# Sleep iOS App Data - Exploratory Analysis 

## Inspiration for this project
A few years ago I had read a wonderful (and somewhat worrisome) book titled 'Why We Sleep' by Matthew Walker, in which Walker whom is a neuroscientist and sleep researcher, carefully delves into the modern research regarding the importance of sleep. Walker outlines extensive research on how sleep affects our moods, dietary preferences, our body's ability to fight cancer, physical & mental aptitude, among a host of other ideas to which Walker proposes that our lack of sufficient and quality sleep may explain some of today's issues. This book, along with Michael Pollan's recent 'This is your Mind on Plants' book with the section about caffeine history and information, instilled a sense of curiosity to see if I could do a bit of my own digging in a sleep dataset to uncover something of interest (if anything).

## The Dataset

This dataset was provided via: https://www.kaggle.com/danagerous/sleep-data which notes that it was collected over a four year period utilizing the Sleep Cycle app from Northcube on iOS.

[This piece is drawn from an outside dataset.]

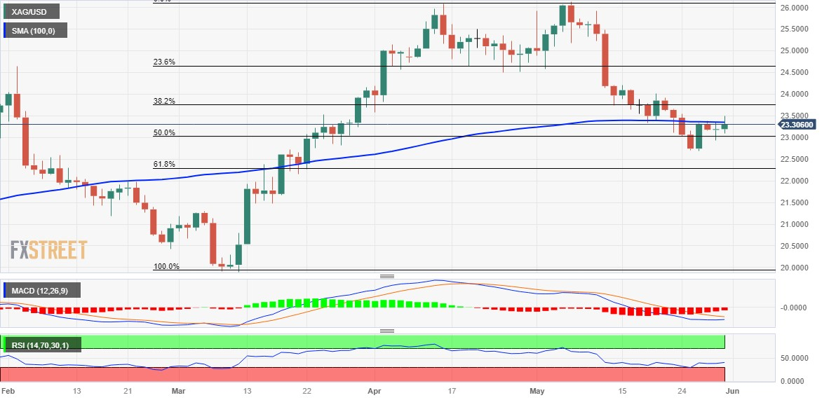 继前一天的双向价格波动后,银价吸引了新的𧹒盘,周三攀升至一周高位,约為23.50美元。然而,在北美早盘,银价难以延续这一走势或在100日简单移动平均缐(SMA)上方被认可,并回落至23.30美元区域。

### Import Necessary Packages

In [None]:
import os 
import seaborn as sns
import matplotlib.pyplot as plt
import pandas as pd

### Import Dataset

In [None]:
# Import Sleep Cycle iOS App .csv Data

df = pd.read_csv("../input/sleep-data/sleepdata.csv", sep = ';')

df.head()

In [None]:
df.dtypes

### Cleaning the Data
Checking the .head() of our dataframe shows that we need to do some cleaning up before we can begin exploring this dataset. Calling on the .dtypes of our dataframe also reveals that our variables are not in the correct format either.

We need to:
* Change 'Start' and 'End' to the datetime format
* Change 'Sleep quality' to a numeric value instead of a string with the % symbol
* Change 'Time in bed' to amount of hours in bed represented as a float
* Change 'Wake up' to 'Happy' for ':)' and 'Moderate' for ':|'
* Fill in the missing values in 'Sleep Notes' with '' (a blank space) for us to use in the next step for creating binary variables
* Separate the 'Sleep Notes' column into binary values for each variable within this column (i.e. 'Drank tea' : T / F)
* Remove the 'Activity (steps)' column as there appears to be too many missing values (0's) on days when the individual noted they had worked out, or we are blatantly missing sleep notes


In [None]:
############ Cleaning Data ############

# Replacing nan values in 'Sleep Notes' with '', keeping all other columns with missing values 

df['Sleep Notes'].fillna(value = '', inplace = True)

# Resetting the index

df.reset_index(inplace = True, drop = True)

# Converting 'Wake up' column emojis from ':|' & ':)' to 'Moderate' & 'Happy'

df['Wake up'] = df['Wake up'].replace({':|':'Moderate', ':)':'Happy'})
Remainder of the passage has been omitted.